Dataset extract below:
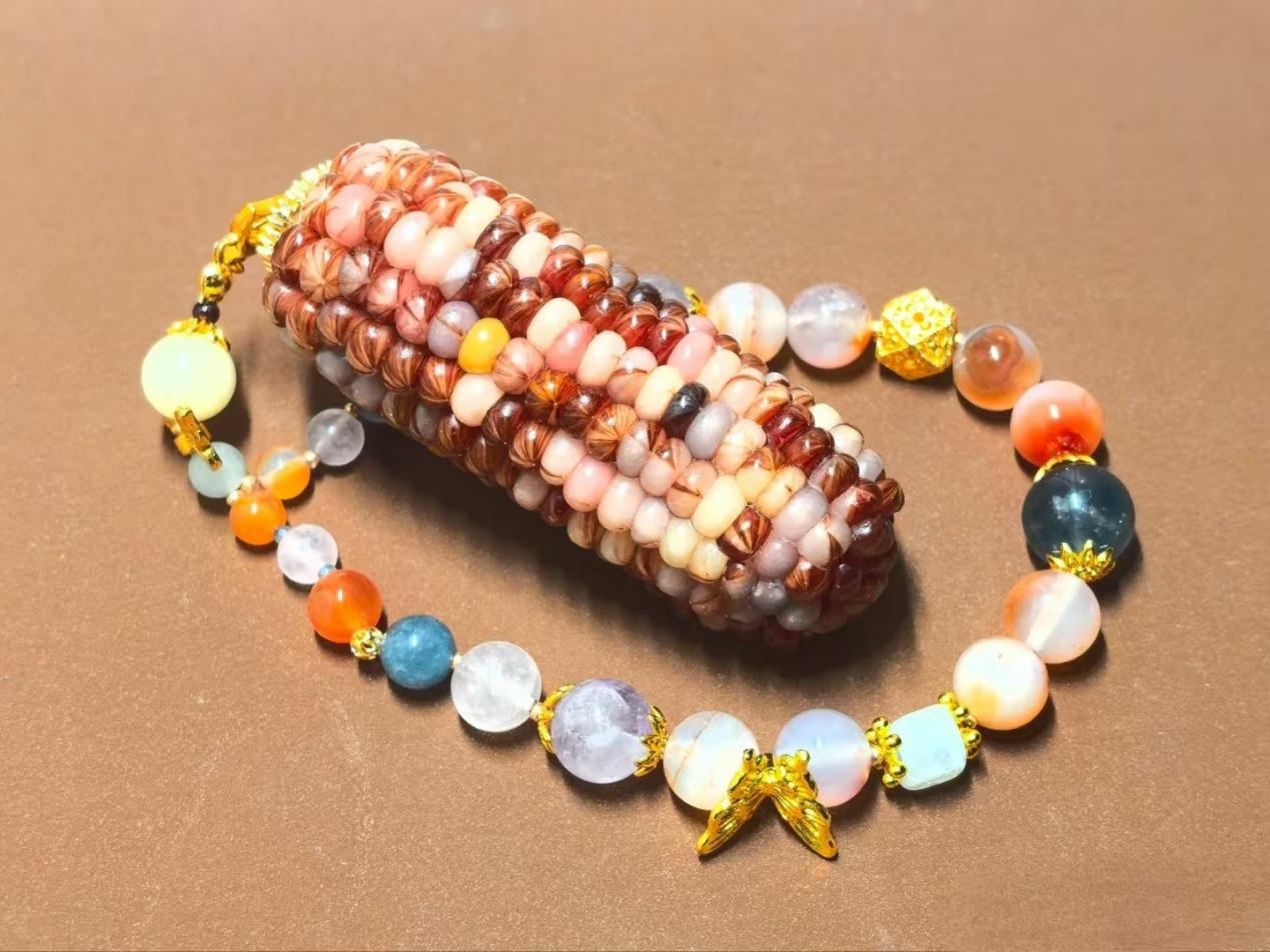 作為玉米家族的“顏值擔(dān)當(dāng)”,成熟后的玉米粒偏硬,現(xiàn)在大家已經(jīng)放棄它的食用價(jià)值,轉(zhuǎn)而追求觸感的溫潤(rùn)和盤玩后的琥珀光澤。
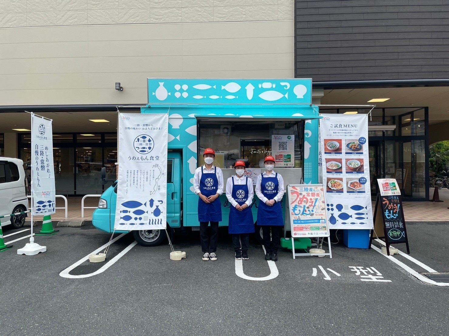 三陸産や常磐産のできたての“うめぇ!”メニューをキッチンカーや店頭で無料試食提供!
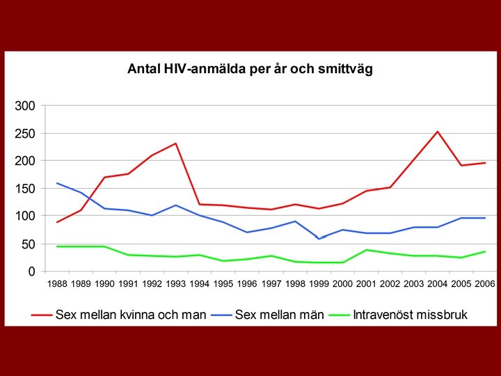 HIV – risk of transmission • Blood transfusion • Pregnancy mother/child ~100 % 15 -35 % • Iv drug abuse - sharing syringes 1 -10 % ? • Coitus (vaginal intercource) • Anal intercource <1% <3% Needle-stick incidents at hospitals Mucosal exposure at hospitals 0. 3 % 0. 09 %
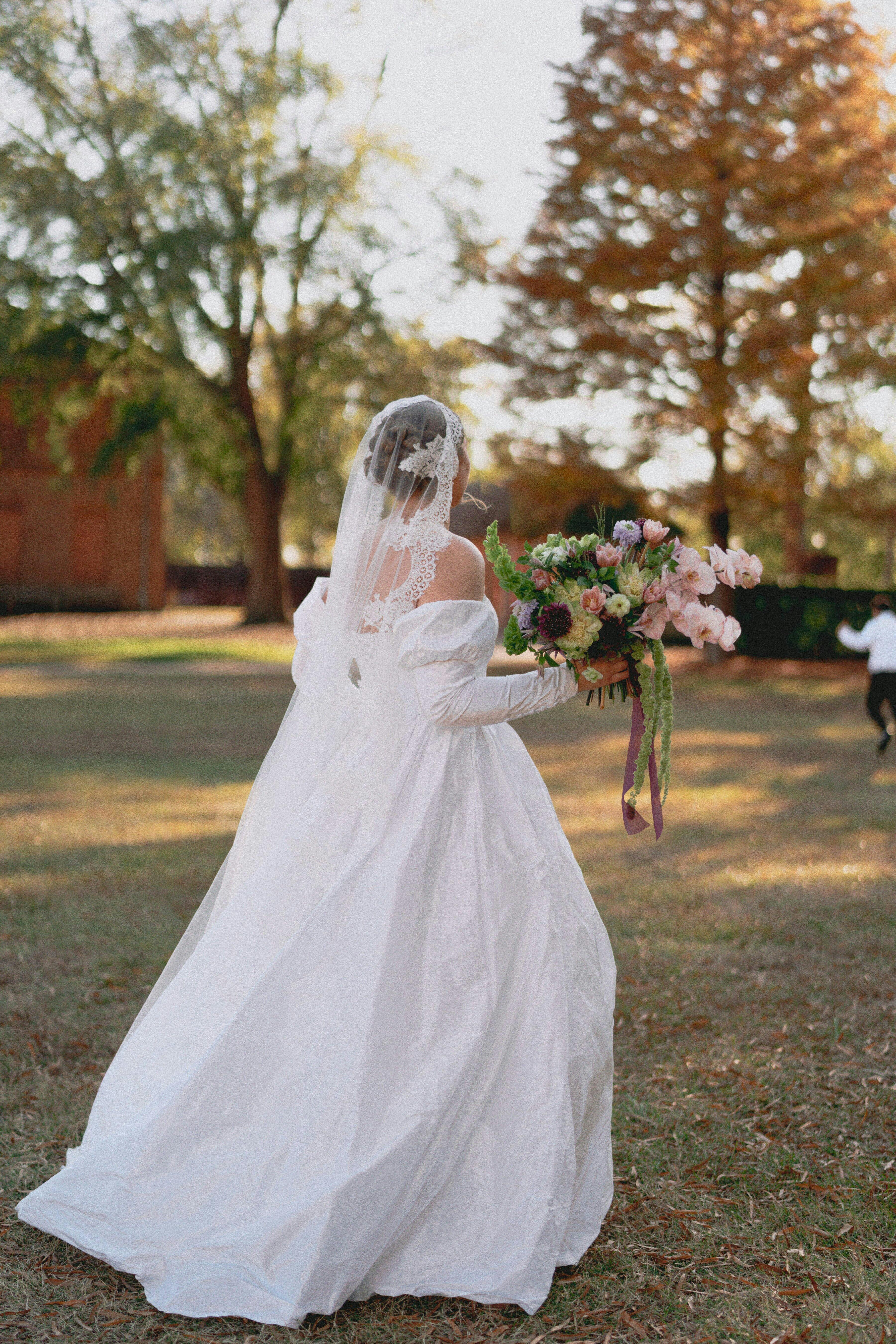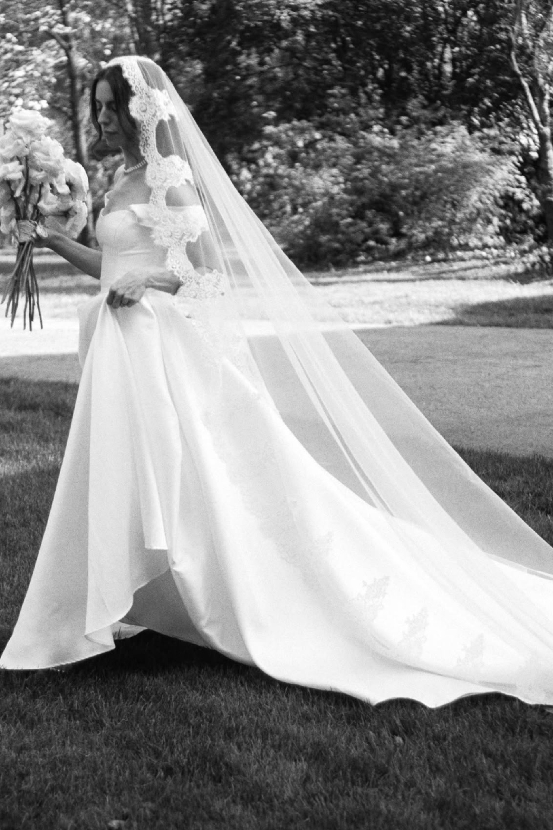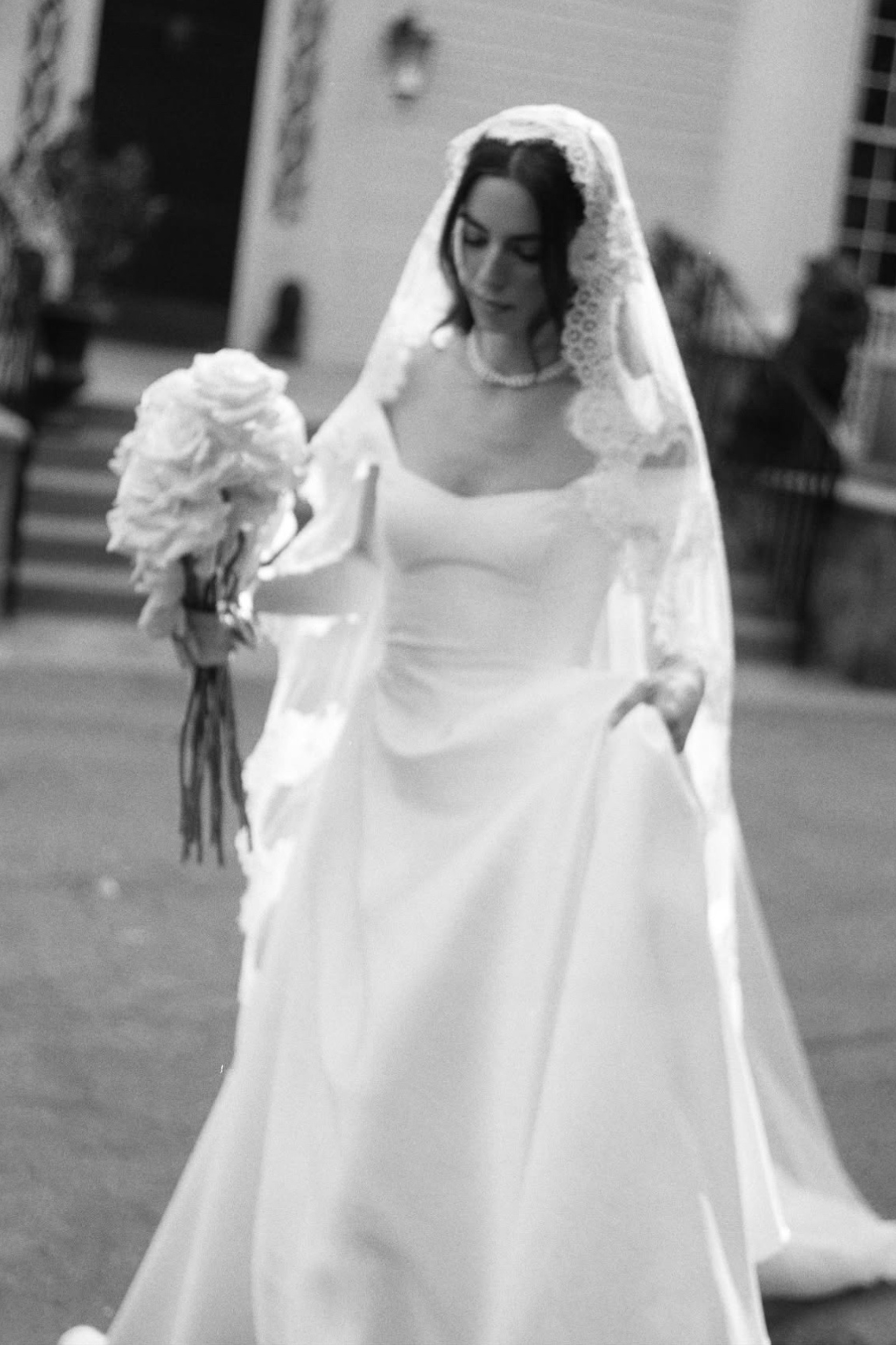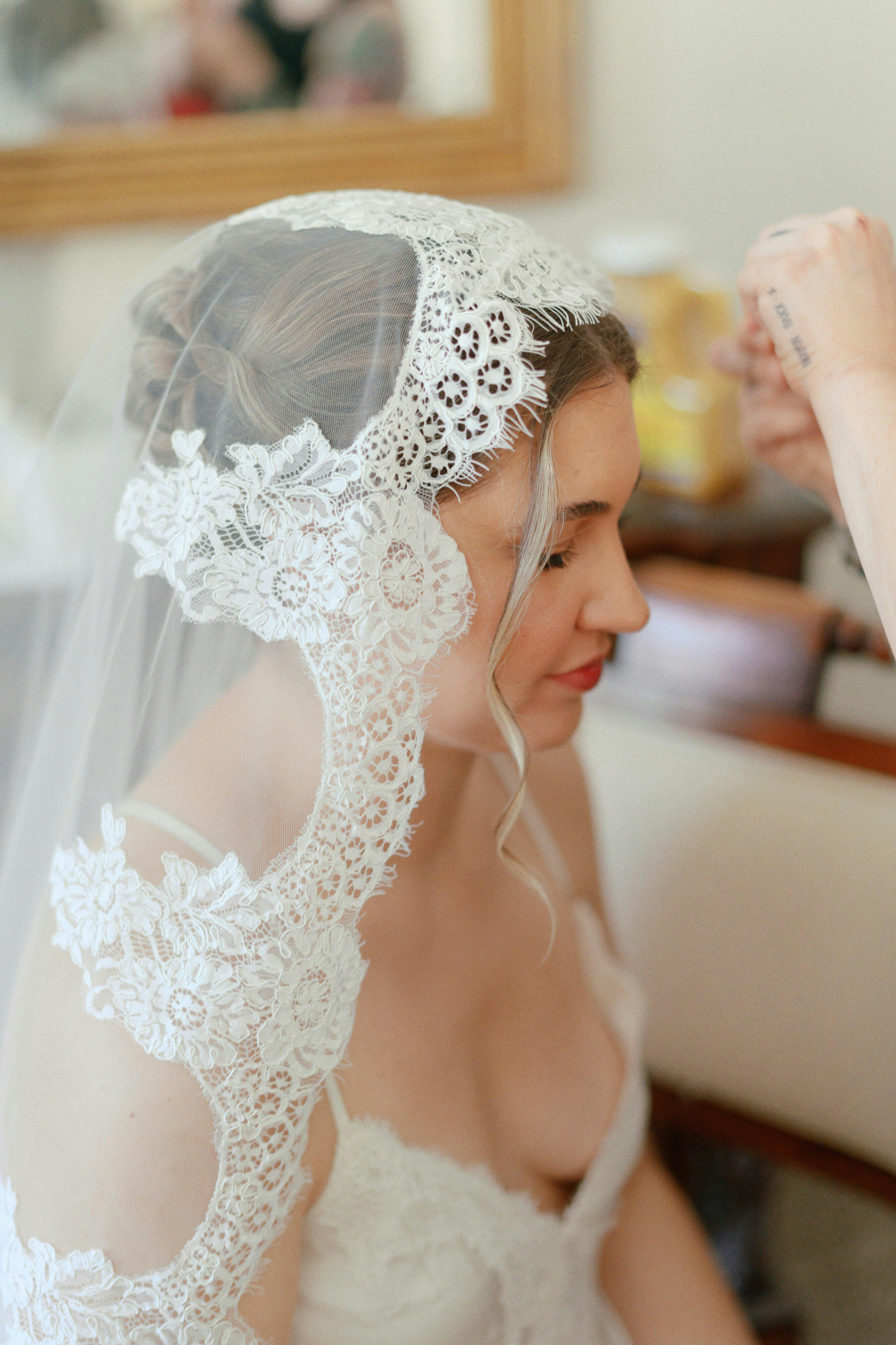 Enhance your bridal look with this stunning mantilla style lace veil, featuring delicate tulle and intricate lace detailing for a timeless, romantic finish. Perfect for creating a dramatic and elegant entrance.
End of Dataset extract.
◆ What to work on
Omit each picture, then return all of the listing exactly as it stands.

◆ Solution for this exercise
 作為玉米家族的“顏值擔(dān)當(dāng)”,成熟后的玉米粒偏硬,現(xiàn)在大家已經(jīng)放棄它的食用價(jià)值,轉(zhuǎn)而追求觸感的溫潤(rùn)和盤玩后的琥珀光澤。
 三陸産や常磐産のできたての“うめぇ!”メニューをキッチンカーや店頭で無料試食提供!
 HIV – risk of transmission • Blood transfusion • Pregnancy mother/child ~100 % 15 -35 % • Iv drug abuse - sharing syringes 1 -10 % ? • Coitus (vaginal intercource) • Anal intercource <1% <3% Needle-stick incidents at hospitals Mucosal exposure at hospitals 0. 3 % 0. 09 %
 Enhance your bridal look with this stunning mantilla style lace veil, featuring delicate tulle and intricate lace detailing for a timeless, romantic finish. Perfect for creating a dramatic and elegant entrance.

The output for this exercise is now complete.